Schon die Vorbereitung eines Begräbnisses wird unter vielen Hygieneanweisungen geregelt: Genügend Desinfektionsmittel muss vorhanden sein, Mund-Nasen-Schütze liegen für Angehörige bereit, die ihre vergessen haben, auch die Abstandsregeln eines Gottesdienstes werden überwacht und alle Teilnehmenden in Listen erfasst.
Ist der Verstorbene mit dem Coronavirus infiziert, erhöht sich der Vorbereitungsaufwand noch darüber hinaus: Der Körper muss desinfiziert werden und wird in einer Leichenhülle eingebettet.
Auch der Sarg und alle anderen möglichen Kontaktstellen werden gesäubert, die Bestatter und Bestatterinnen tragen Schutzkleidung und schreiben Hygieneprotokolle, damit nichts vergessen wird. „Der Eigenschutz steht an dieser Stelle im Vordergrund, auch nur bei Verdacht auf eine Corona-Infektion betreiben wir diesen Aufwand zur Sicherheit aller“, erklärt Torsten Heiss.
Nach den bundesweiten Regeln ist in diesem Fall auch eine Verabschiedung
am Sarg nicht mehr möglich, da dieser geschlossen bleiben muss, was den Angehörigen die Gelegenheit zu einem letzten, persönlichen Gruß nimmt.
Der Trauerbesuch hat sich geändert, Torsten Heiss legt auf diesen viel Wert: „Wenn Angehörige in Quarantäne waren oder ein persönlicher Besuch zu riskant erschien, haben wir telefoniert oder ein Treffen über Video vereinbart, welche mir immer lieber sind. Wir sind auch ein wenig Seelsorger, mir ist wichtig, dass ein Gesicht zu sehen ist und die Menschen Nähe spüren, auch wenn wir sie aktuell nicht in den Arm nehmen dürfen“.

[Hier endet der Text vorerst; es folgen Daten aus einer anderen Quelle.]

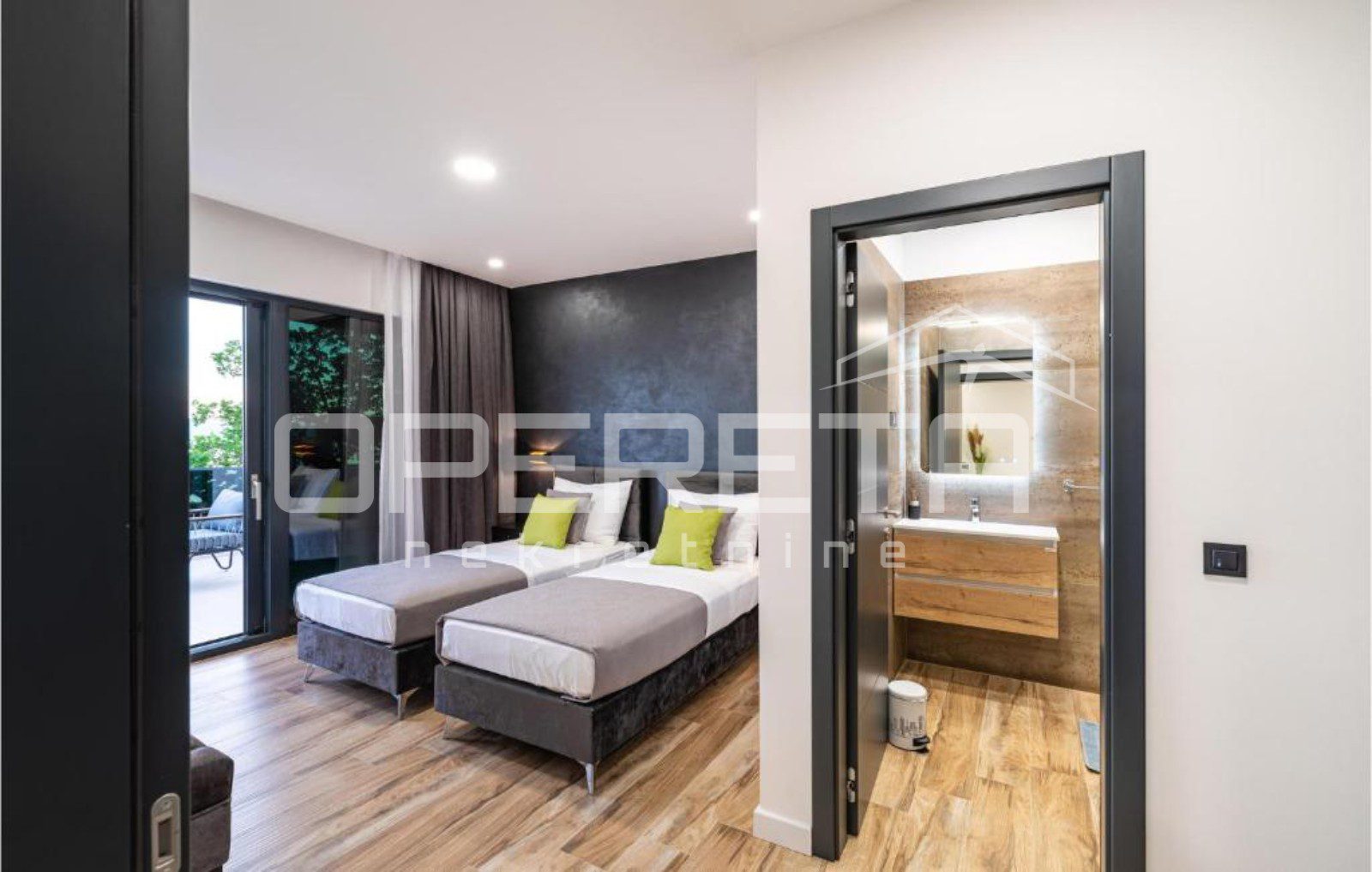 Moderna kuća prodaje se potpuno namještena. Parking je osiguran za do tri automobila.

Seiner Erfahrung nach haben die Angehörigen viel Verständnis für die auferlegten Regeln. Dennoch trifft ein Verlust die meisten Menschen in der aktuellen Zeit doppelt: Der Abschied darf nur im engsten Kreis stattfinden, was Familien vor harte Auswahlentscheidungen stellt.

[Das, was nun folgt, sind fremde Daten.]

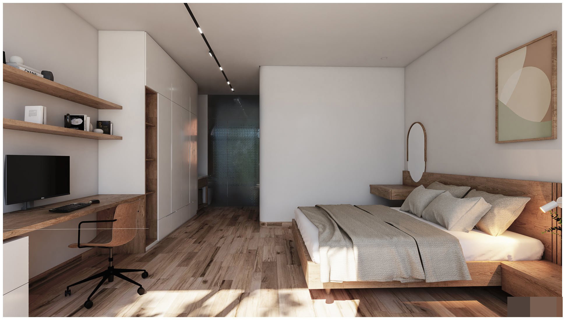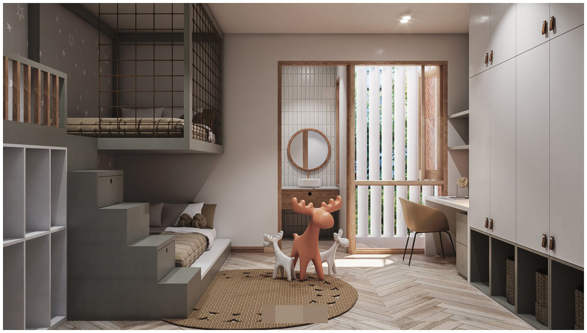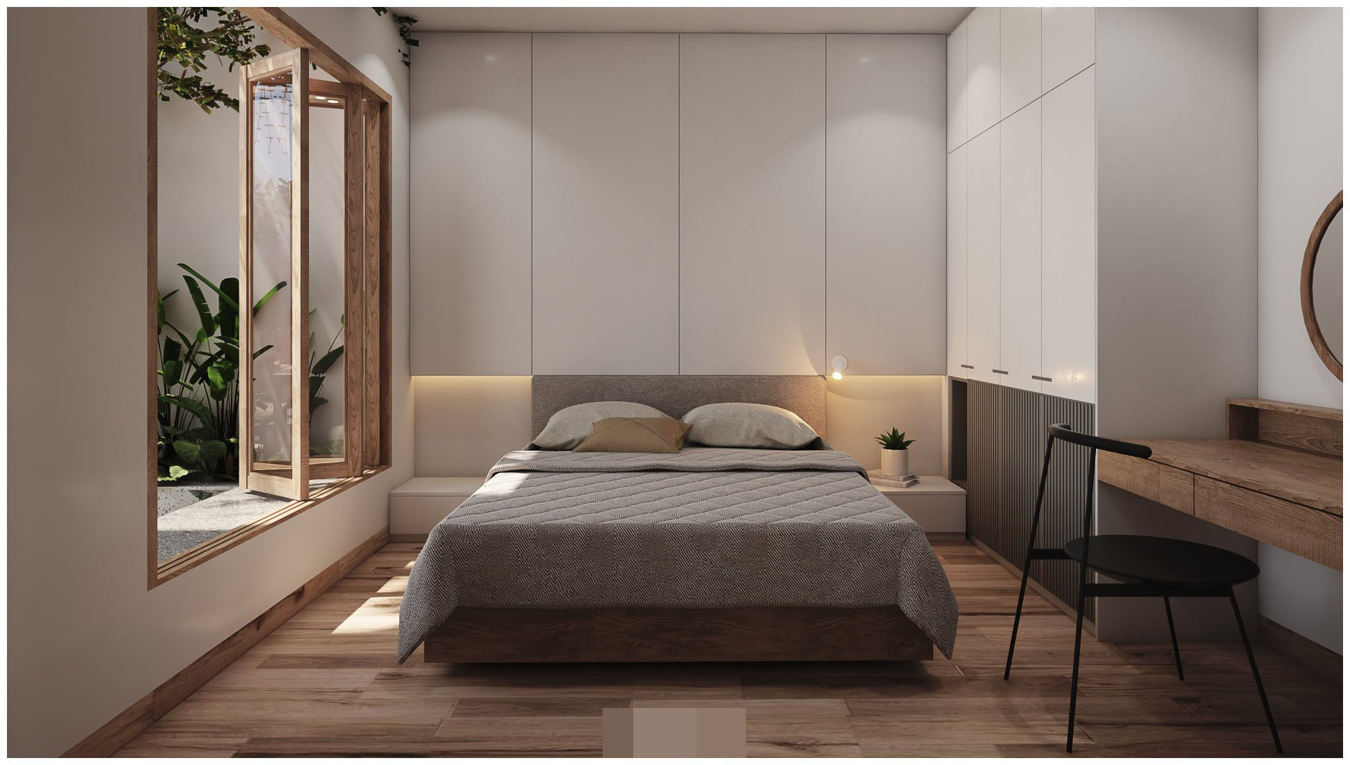 Các phòng ngủ đẹp mê ly, trong đó phòng ngủ tầng 1 dành cho người lớn tuổi có cửa rộng, mở ra sân vườn thoáng mát, rất tốt cho sức khỏe.
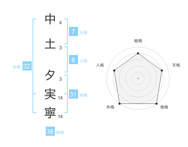 中土 夕実寧さんを姓名の画数から五運を鑑定

Auf dem Friedhof selbst sind allerdings – unter freiem Himmel und mit Abstand – bis zu 100 Personen erlaubt. Am Anfang der Pandemie durften nur maximal zehn Angehörige kommen, das Land hat diese Regelung mit der Begründung, dass ein würdiger Abschied jedem möglich sein soll, aber geändert.
Auf digitale Weise hat Torsten Heiss aber auch eine Bestattung, zu der deutlich mehr als 100 Menschen kommen wollten, gelöst: Der Rest der weit über NRW verteilten Angehörigen konnten per Videoübertragung an der Verabschiedung teilnehmen.

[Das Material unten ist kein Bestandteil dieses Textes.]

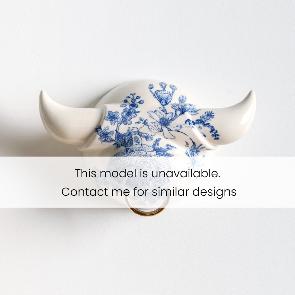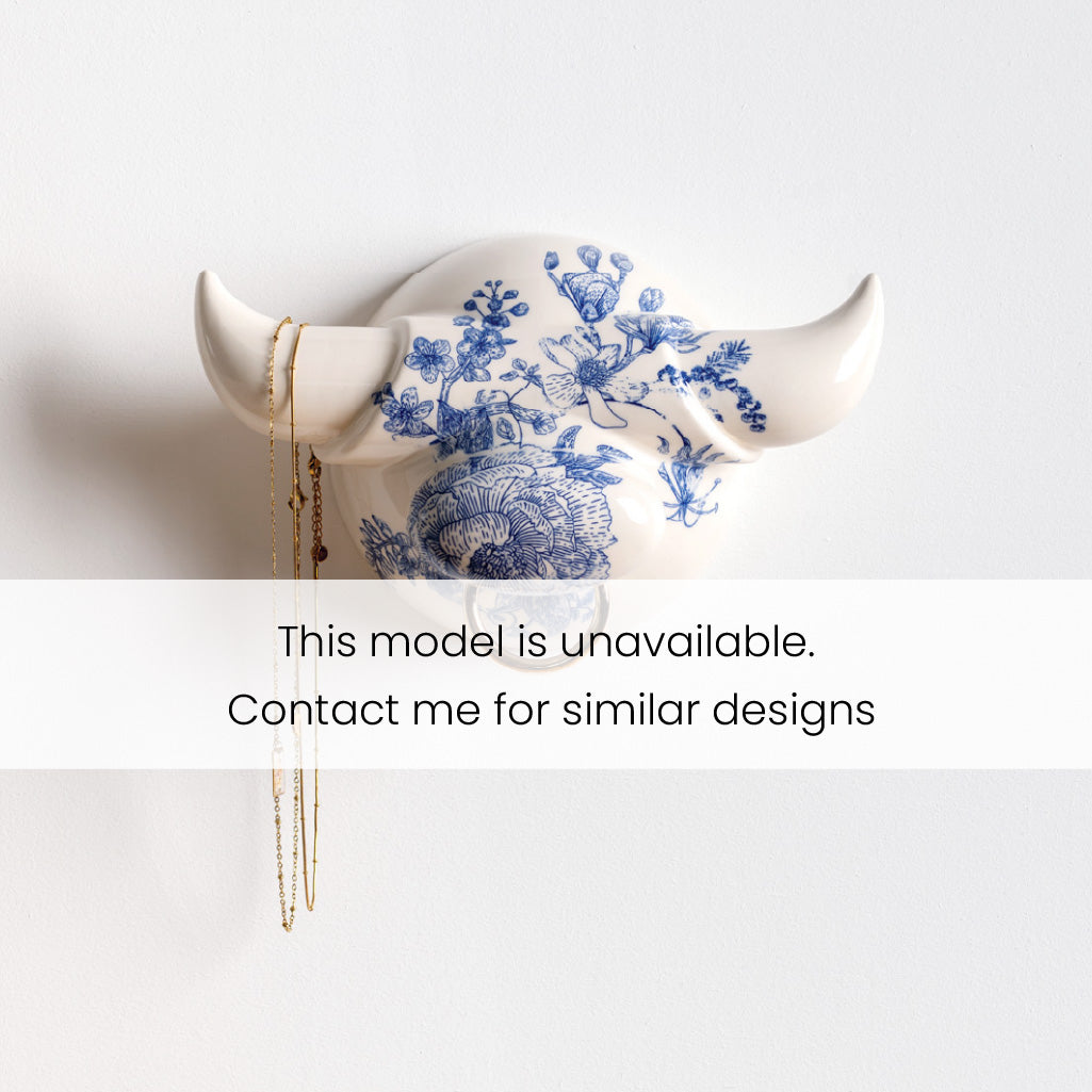 Glazed ceramic wall hook for jewelry and accessories. The horns offer space for hanging necklaces and bracelets. Mounts to the wall with two screws.
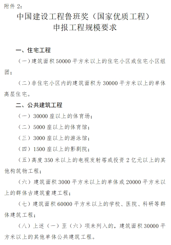 2、中國建設(shè)工程魯班獎(jiǎng)(國家優(yōu)質(zhì)工程)申報(bào)工程規(guī)模要求
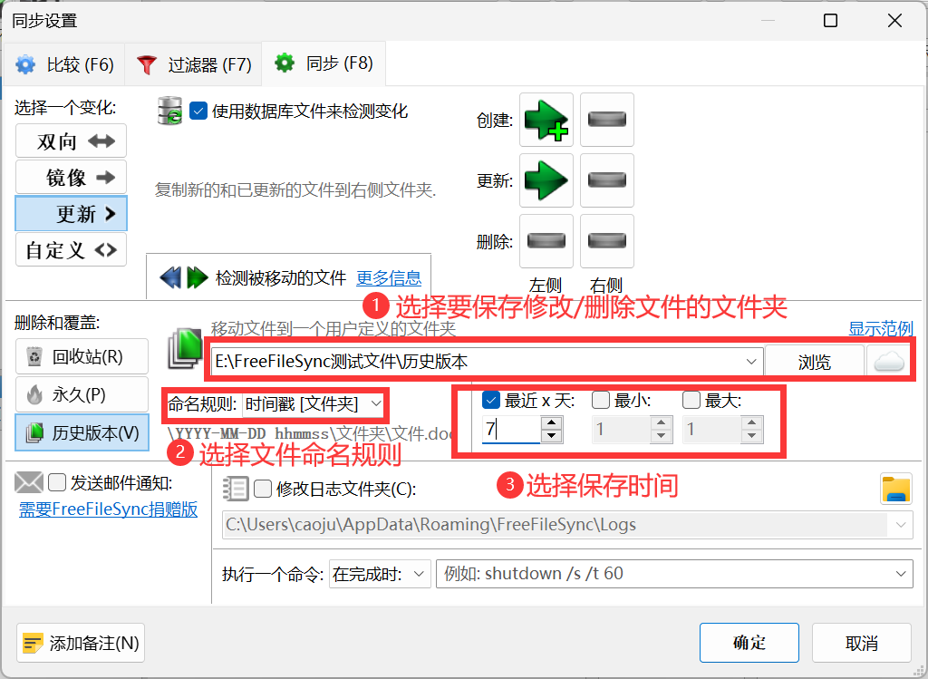 数据备份一般选择更新模式;文件同步一般选择双向模式。
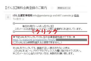 • 送信したアドレス宛に「【げん玉】無料会員登録のご案内」が届くので本文中のURLをクリック
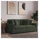 2 - Piece Upholstered Green Corduroy Modular Sectional with Pillow Back and Solid Wood Legs
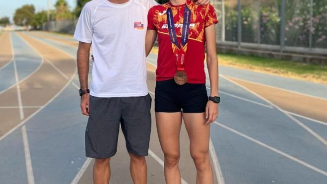 El Club Atletismo Bahía de Algeciras ya tiene en casa y presume de su laureada atleta Ana Prieto Benítez. La barreña se hizo con la medalla de bronce con el equipo de relevos español en la modalidad 'sueca' (cada posta corre 100, 200, 300 y 400 metros) en el Campeonato de Europa sub-18 celebrado en Jerusalén, Israel.
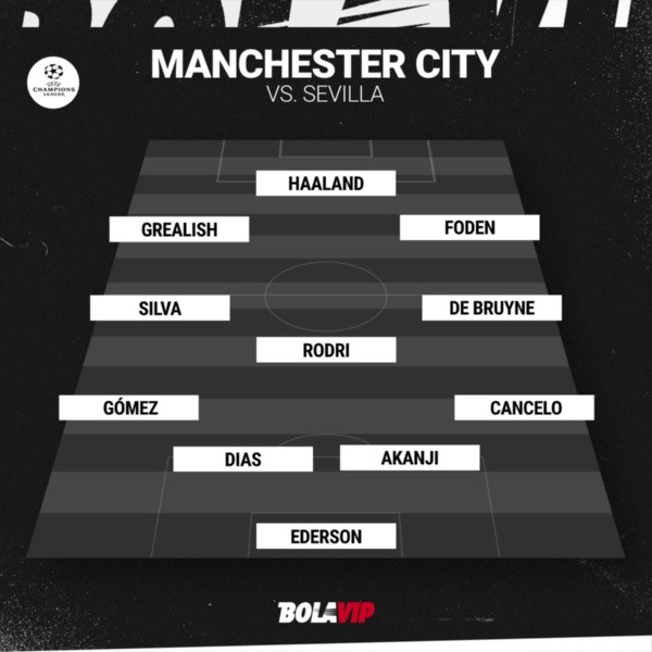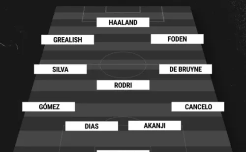 Ederson; Cancelo, Akanji, Dias, Segio Gómez; De Bruyne, Rodri, Silva; Foden, Haaland, Grealish.

„Natürlich können unsere digitalen Lösungen nicht den Kontakt zum Menschen ersetzen“, betont Heiss, „in der aktuellen Situation nützen uns die Medien, aber jeder Abschied sollte persönlich und individuell sein. Wir hoffen, bald wieder richtige Nähe vermitteln zu können“.
Bis Bestattungen wieder unter normalen Umständen ablaufen können, werden so andere Wege genutzt, um Trauernden die schwere Zeit so erträglich wie möglich zu machen.